---------- Records for the task ----------
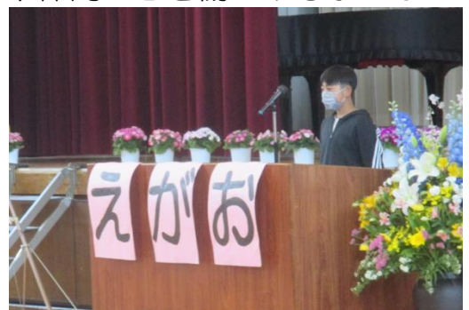
入学式：児童代表の言葉

令和5年度、東小学校の教職員は【 温かい人間関係の中で、一人一人が力を伸ばす学校 】をつくりあげるために「笑顔」をキーワードに、子どもたち一人一人の良い自分、新しい自分づくりの手助けをします。「笑顔」を生み出す挑戦に拍手を送ります。自分をだらしなくしていく子や仲間の心を傷つける子には内省を促します。保護者の皆様の相談にのったり、子どもたちの成長について一緒に考えたりします。何かご相談等がありましたら、遠慮なくお話しください。また、私たちも、子どもたちの成長など、保護者の方へ連絡をしていきたいと考えております。今年度も、よろしくお願いいたします。
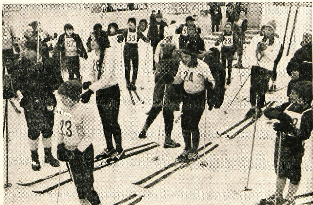
Učenke in učenci gorenjskih osnovnih šol na štartu smučarskega teka v Lancovem. Proga je bila zahtevna, vendar dobro pripravljena.

Besedilo: J. Košnjek
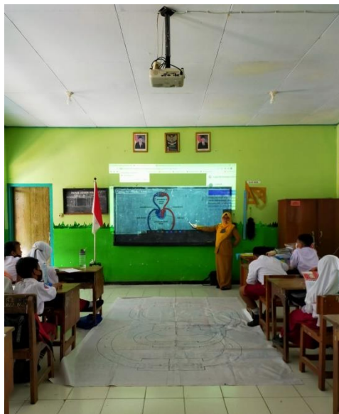
Guru Menjelaskan Materi
----------
Take the whole listing above and copy it exactly. Pictures do not go into the copy.

入学式：児童代表の言葉

令和5年度、東小学校の教職員は【 温かい人間関係の中で、一人一人が力を伸ばす学校 】をつくりあげるために「笑顔」をキーワードに、子どもたち一人一人の良い自分、新しい自分づくりの手助けをします。「笑顔」を生み出す挑戦に拍手を送ります。自分をだらしなくしていく子や仲間の心を傷つける子には内省を促します。保護者の皆様の相談にのったり、子どもたちの成長について一緒に考えたりします。何かご相談等がありましたら、遠慮なくお話しください。また、私たちも、子どもたちの成長など、保護者の方へ連絡をしていきたいと考えております。今年度も、よろしくお願いいたします。
Učenke in učenci gorenjskih osnovnih šol na štartu smučarskega teka v Lancovem. Proga je bila zahtevna, vendar dobro pripravljena.

Besedilo: J. Košnjek
Guru Menjelaskan Materi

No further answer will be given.